Tú eras el huracán, y yo la alta
torre que desafía su poder.
¡Tenías que estrellarte o que abatirme...!
¡No pudo ser!

Tú eras el océano; y yo la enhiesta
roca que firme aguarda su vaivén.
¡Tenías que romperte o que arrancarme...!
¡No pudo ser!

(Gustavo Adolfo Bécquer, Rima XLI)

Siempre que Emilia se va, Doménica siente que el aire queda pesado. Todavía puede ver la figura de sus isquiones dibujada en los cojines del sillón en el que se sentó. Además, en las últimas visitas, dejaba un tufo amargo, era claro que no se había bañado en días. El que avisa no es traidor y aunque no es consuelo, se lo advirtieron. Al menos, ella hizo su trabajo, le dio los medios para ver. No hay peor ciego que el que no quiere ver. Le buscó todas las formas para iluminar esos puntos ciegos. No hubo forma. Eso hace un amigo, ¿no? Un buen amigo trata de poner las alertas, de advertir los peligros y allá cada quién. Se señalan las alertas sin juicios y que cada uno tome decisiones en libertad. Para eso tenemos inteligencia, ¿no? Emilia Acevedo siguió el camino perfecto al desfiladero. Jugó con fuego y se quemó. Tiene orejas de pescado. No oye más que lo que quiere escuchar. Por eso, justo por eso, el golpe le llegó entre ceja, oreja y alma. La dejó aturdida. Sigue sin escuchar.

Solo unos cuantos minutos antes, seguía empecinada. Continuaba hundiéndose. Doménica repasa las escenas de la reunión que acaban de tener. Casi se puede escuchar y ver con nitidez frente a ella dándole elementos para tomar conciencia.

—Mira, Emilia, todos nos ponemos tristes por algún tiempo, pero lo tuyo es más que eso. Ya cruzó los límites de la tristeza y se adentró en la frontera de lo que hace daño. Lo tuyo ya se pasó de tueste. A lo mejor se trata de una depresión clínica —la voz de Doménica buscó los giros adecuados en el tono y las palabras precisas para que su amiga no se sintiera juzgada sino acompañada.

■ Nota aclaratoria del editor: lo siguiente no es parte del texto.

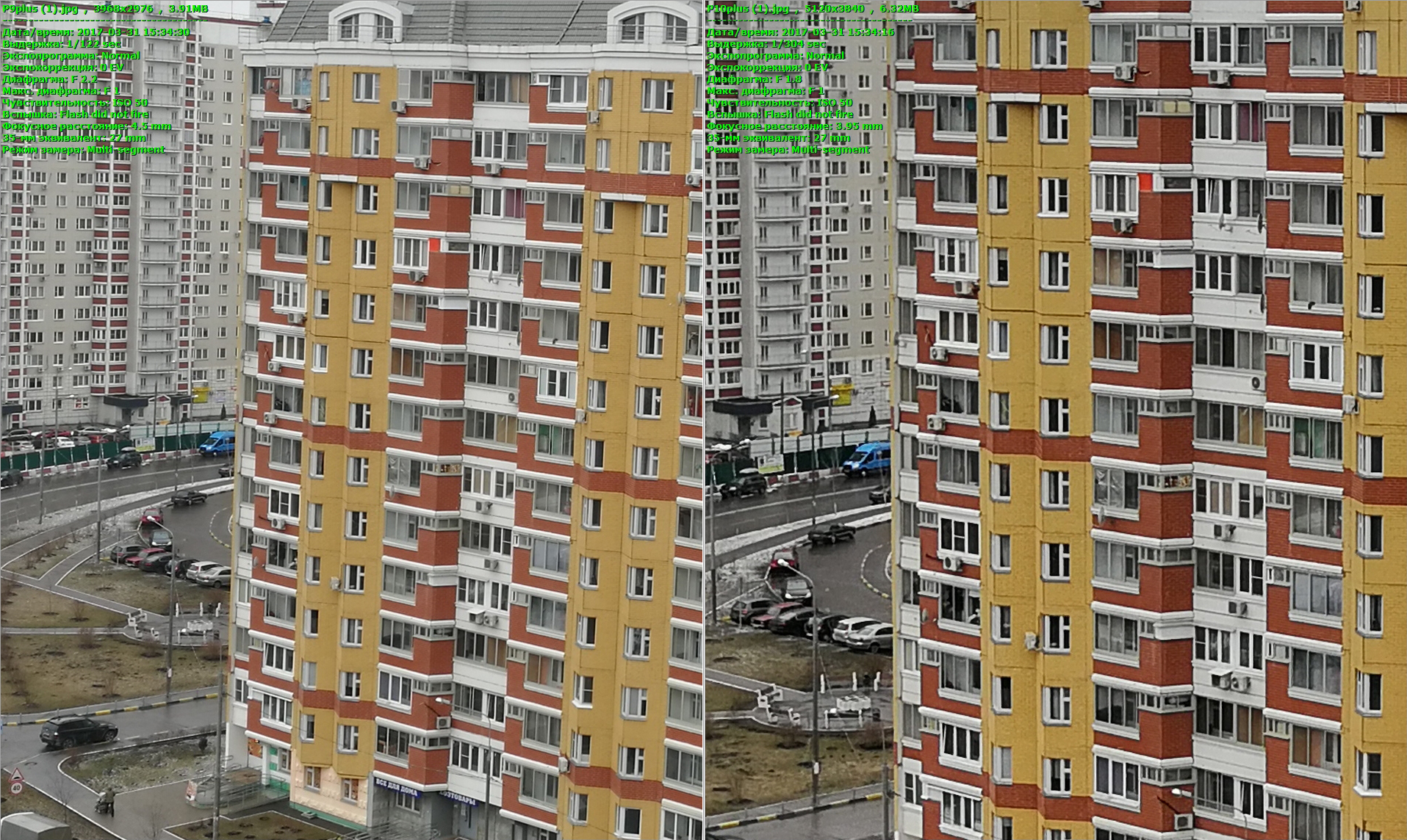 Также здесь есть NFC, остальное стандартно для любого дорогого Android-смартфона: GPS и ГЛОНАСС, Wi-Fi b/g/n, Bluetooth 4.2, USB 2.0 с поддержкой OTG. КамерыВ новинке Huawei P10 Plus используются два основных модуля камер: черно-белый на 20 МП, а цветной – на 12 МП. Объективы SUMMILUX-H с диафрагмой f=1,8. Присутствует лазерная и фазовая фокусировка. Также Huawei оснастила P10 Plus оптической стабилизацией. Если мы говорим о P9 Plus, то там два модуля по 12 МП, диафрагма f=2.2 и нет оптической стабилизации. Скорость фокусировки камеры P10 Plus возросла по сравнению с P9 Plus, баланс белого как был идеальным, так и остался – отличный показатель. Что касается качества картинки, то мне показалось, что новинка снимает хуже предыдущего флагмана. Ниже приведены кропы фотографий. Кадры, снятые на P10 Plus, имеют более высокий контраст, чуть меньше детализация (особенно это заметно на фото с курткой – на P9 Plus видна текстура). Кроме того, камера P10 Plus сильнее «шумит» артефактами. Кстати, если посмотрите на значения ISO и выдержки, то заметите, что P9 Plus ставит значения больше, а P10 Plus – меньше за счет оптической стабилизации, однако, как вы уже поняли, большого толка от этого нет. Фронтальная камера получила сертификацию Leica (8 МП, диафрагма f=1.9). Фокус стал быстрее, фотографии хорошие. Угол обзора стал меньше по сравнению с P9 Plus, контровое освещение воспринимает хуже (сильные засветы). Далее скажу странную фразу, однако также было замечено: селфи мне больше нравились именно на P9 Plus – лица получались более приятные (без эффектов). Что касается размытия заднего плана, то оно осталось прежним с точки зрения качества и работы алгоритмов. На P9 Plus я довольно-таки часто снимаю в этом режиме. Сейчас даже не совсем уже представляю камеры без такого эффекта (в умелых руках можно получить крайне удачные кадры), поэтому рассматриваю к покупке Apple iPhone 7 Plus, а не Samsung S8. Смартфон P10 Plus способен записывать видео в разрешении 4K 30 fps, FHD 30/60 fps.

Emilia elevó la cara y la traspasó con la mirada.

—Estoy cansada. No he podido dormir.

—¿Hace cuánto que no duermes?

—Mucho, no sé. Mucho. No logro conciliar el sueño. Tampoco tengo hambre.

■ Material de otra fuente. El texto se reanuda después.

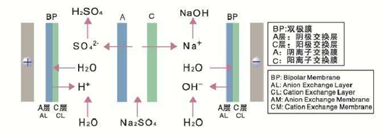 Bipolar membrane is a kind of ion exchange membrane with special functions. Hydrolysis happens πand produces H

—¿Qué te gustaría comer? Lo pido.

—Nada, no se me antoja nada. Tengo nauseas. Los olores me irritan el estómago. Traigo irritadísimos los pezones. No sé cómo le hice para llegar a esta condición.

—¿En serio no sabes?

Emilia miró a Doménica con el gesto descompuesto. Si pudiera, le arañaría la cara y le dejaría una cicatriz que le recorriera esa piel tan blanca, le descuadrara esos ojos tan azules y le golpearía esa nariz perfecta. Mete aire a los pulmones, se enreda un mechón de pelo al dedo índice y lo jala, como si quisiera arrancarlo todo de cuajo.

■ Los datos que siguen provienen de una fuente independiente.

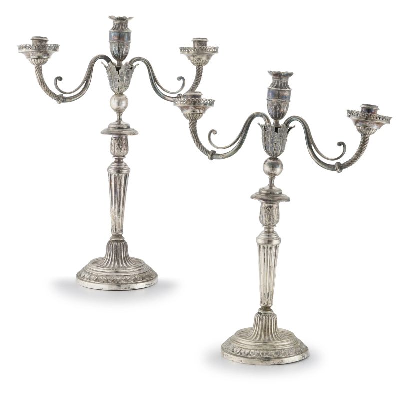in argento, basi circolari decorate da foglie, fusti scanalati su cui poggiano due bracci a volute, complessive tre luci, alt. cm 42, complessivi g 2140

—Emilia, entiéndelo. La depresión es una enfermedad real que puede tratarse. Son muchos los que creen que es una tristeza normal de la vida y que pueden superarla por cuenta propia.

—Yo le echo ganas, en serio. Pero lo extraño mucho. Quiero compensar sus ausencias, contrapesar la fuerza de ese deseo con algo. No sé qué es ese algo. Desafiar al destino. Ir a buscarlo, tirármele de panza, quiero pedirle que me recoja. Pagar el precio que haya que pagar. Me quiero morir al imaginar que no me aceptará de regreso. Va a venir, digo bajito en la mañana. No vino, grito frente al espejo en la noche.

—Emilia, entiéndeme, no se trata de echarle ganas. Yo creo que esto ya es una cuestión de los elementos químicos del cuerpo.

—¿De dónde sacas palabras tan elegantes? ¿Estoy con mi amiga o con una ñoña estudiante de medicina? —Emilia la reta.

—Soy tu amiga, Emilia —Doménica le quiere recordar que es casi la única amiga que le queda, pero sabe que esos golpes bajos son mezquinos.

—¿Cuántas veces habremos hecho el amor? Me despierto creyendo que está acostado junto a mí. Extiendo el brazo hasta que se me entumece y compruebo que no hay nadie ahí. Me falta el beso y la caricia. Me faltan todas las palabras que pronunciaba. Y fantaseo y lo imagino junto a mí, con la misma necesidad que yo siento y repito una y otra vez las escenas con cada vez más detalles. No quiero buscar explicaciones y encontrar expiaciones, eso sería reconocer que lo nuestro fue un error o un desvarío por los que tengo que justificarme o pedir perdón. No y no. ¿Ves como no estoy loca?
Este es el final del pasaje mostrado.